Pour que le réseau scolaire résiste à une deuxième vague de covid

Quelques jours avant la rentrée scolaire, le ministre de l’Éducation Jean-François Roberge ajustait son plan pour une rentrée sécuritaire permettant la réussite de toutes et tous en injectant 20 millions $ supplémentaires pour soutenir les élèves en difficulté. En réponse, un sondage mené auprès de 3800 enseignant.e.s « indiquait que près de sept enseignants sur dix ne faisaient pas confiance à ce plan. La moitié aurait préféré une présence alternée des élèves dans l’établissement. », favorisant ainsi l’application des mesures de distanciation sociale et le travail auprès des élèves.

Au même moment, les personnels de soutien sonnaient l’alarme concernant les pénuries de personnels dans les services de garde en milieu scolaire et du côté des concierges. De leur côté, les parents peinaient à s’y retrouver entre les annonces gouvernementales et la réalité dans leur école de quartier. Plusieurs souhaitaient l’accès tant à l’enseignement en ligne qu’à celui en classe.

La rentrée sur fond de pandémie s’est somme toute assez bien déroulée, la vie scolaire ayant repris son cours sous le mode de la distanciation. Toutefois, depuis quelques jours, les cas de covid répertoriés augmentent rapidement. Ainsi, les centres de services scolaires du Québec comptent 3100 établissements. On y comptait le 4 septembres 47 établissements scolaires où des cas avaient été déclarés. Le 8 septembre, on dénombrait 121 écoles touchées.

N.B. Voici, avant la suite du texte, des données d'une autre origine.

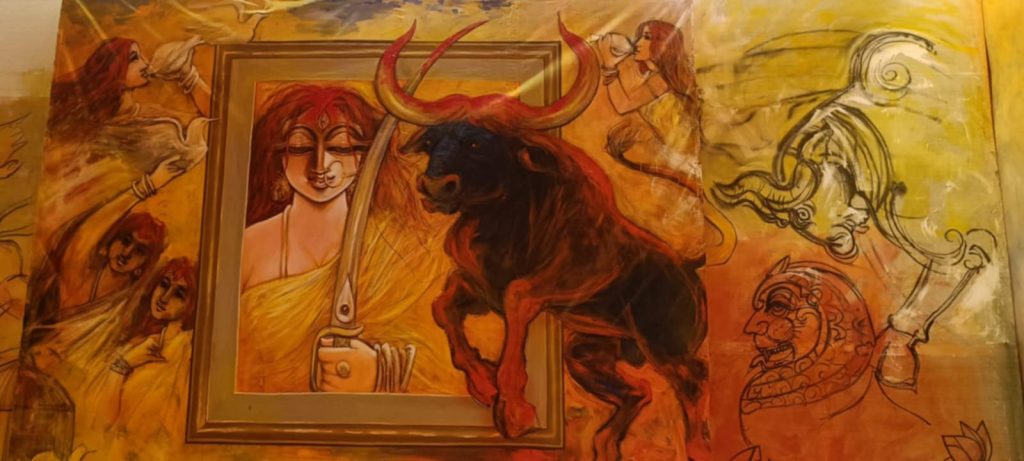 আমি এখানে জল তুলির মধ্য দিয়ে নারী শক্তি রূপে দেবীর যে ফুটিয়ে তোলার চেষ্টা করেছি, তার একটি রুহ হল শিব ঠাকুরের কাছে দুর্গা। অশুভ শক্তিকে আলোর পথে আনা, মহিষের তীব্র আক্রমণকে দেবীর রুখে দেওয়ার শুভ শক্তি। এই ভাবেই একটি চিত্র “জাগরী” ভাবনার মধ্য দিয়ে তুলে ধরার চেষ্টা করেছি, সবাই আসুন দেখুন আপনাদের মতামত দিলে তবেই উদ্যোক্তারাও একটি শিল্পী এগিয়ে যেতে পারে। এবং আগামী দিনের নতুন ভাবনা নিয়ে আসতে পারে।

La rentrée scolaire s’avère à risque principalement dans la Capitale-Nationale, en Estrie, en Outaouais et à Laval. Les informations partielles transmises par la Santé publique et le ministère de l’Éducation ont incité un parent de Montréal à mettre sur pied sa propre recension sur le site Covid écoles Québec et au 9 septembre, ce sont 192 écoles infectées qui y étaient répertoriés.

Les défis à relever par les personnels qui travaillent dans les écoles sont nombreux. Ils doivent s’assurer d’être et demeurer en santé, protéger les élèves de possibles éclosions de covid dans leur établissement et bien sûr, enseigner. Les élèves infectés retirés des classes doivent être pris en charge par des équipe-école virtuelles.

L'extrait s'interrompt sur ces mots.